Rosa Parks Day also known as the Day of Courage

The River of Pride Rosa Parks Day

On December 1, 1955, African American seamstress Rosa Parks was traveling in a Montgomery City bus when the bus driver asked her to vacate her seat for a white man. The driver’s request was standard practice of racial segregation in buses at the time. Rosa Parks refused to leave her seat on the grounds of fairness, freedom and equality. As a result, she was arrested and convicted of violating the laws of segregation, known as the “Jim Crow” laws. She appealed her conviction and formally challenged the legality of segregation. At the same time, civil rights activists, including Martin Luther King Jr, boycotted the Montgomery bus system.

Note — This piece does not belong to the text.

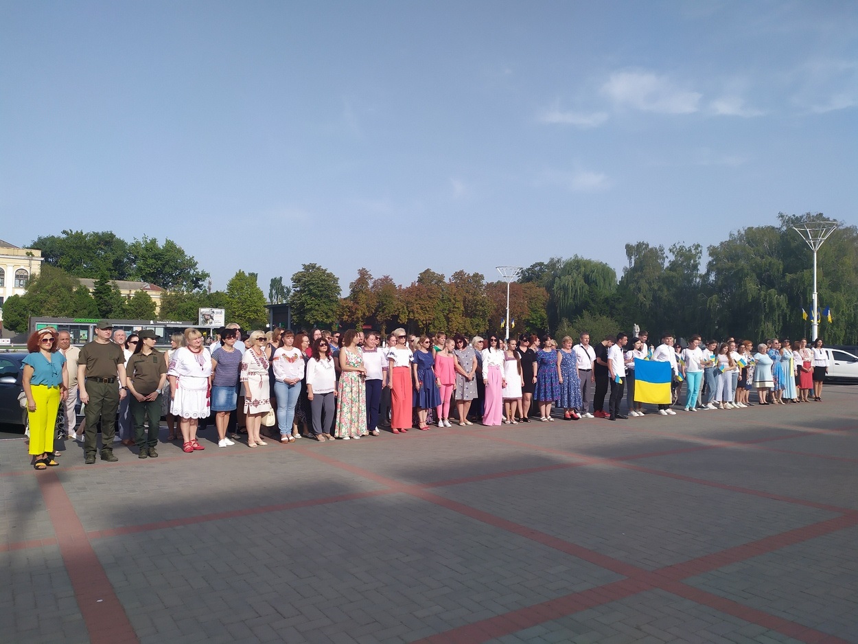 Также на площади собрались измаильчане, многие в вышиванках и одежде в цветах национального флага, с сине-желтыми флажками в руках.

The boycott lasted for 381 days, into December 1956, when the U.S. Supreme Court ruled that the segregation law was unconstitutional and the Montgomery buses should be integrated. This boycott kick-started other civil rights protests throughout the U.S. Over the years, the Rosa Parks bus has become a symbol of the fight for equal rights. It has been fully restored and is now displayed in the Henry Ford Museum. Rosa Parks’ Day, on February 4, is also known as the Day of Courage.

First Nationwide Bisexual Gathering

The River of Pride First Bisexual Nationwide Gathering

A group of 75 bisexuals marched in the 1987 March On Washington For Gay and Lesbian Rights, which was the first nationwide bisexual gathering. The article “The Bisexual Movement: Are We Visible Yet?“, by Lani Ka’ahumanu, appeared in the official Civil Disobedience Handbook for the March. It was the first article about bisexuals and the emerging bisexual movement to be published in a national lesbian or gay publication.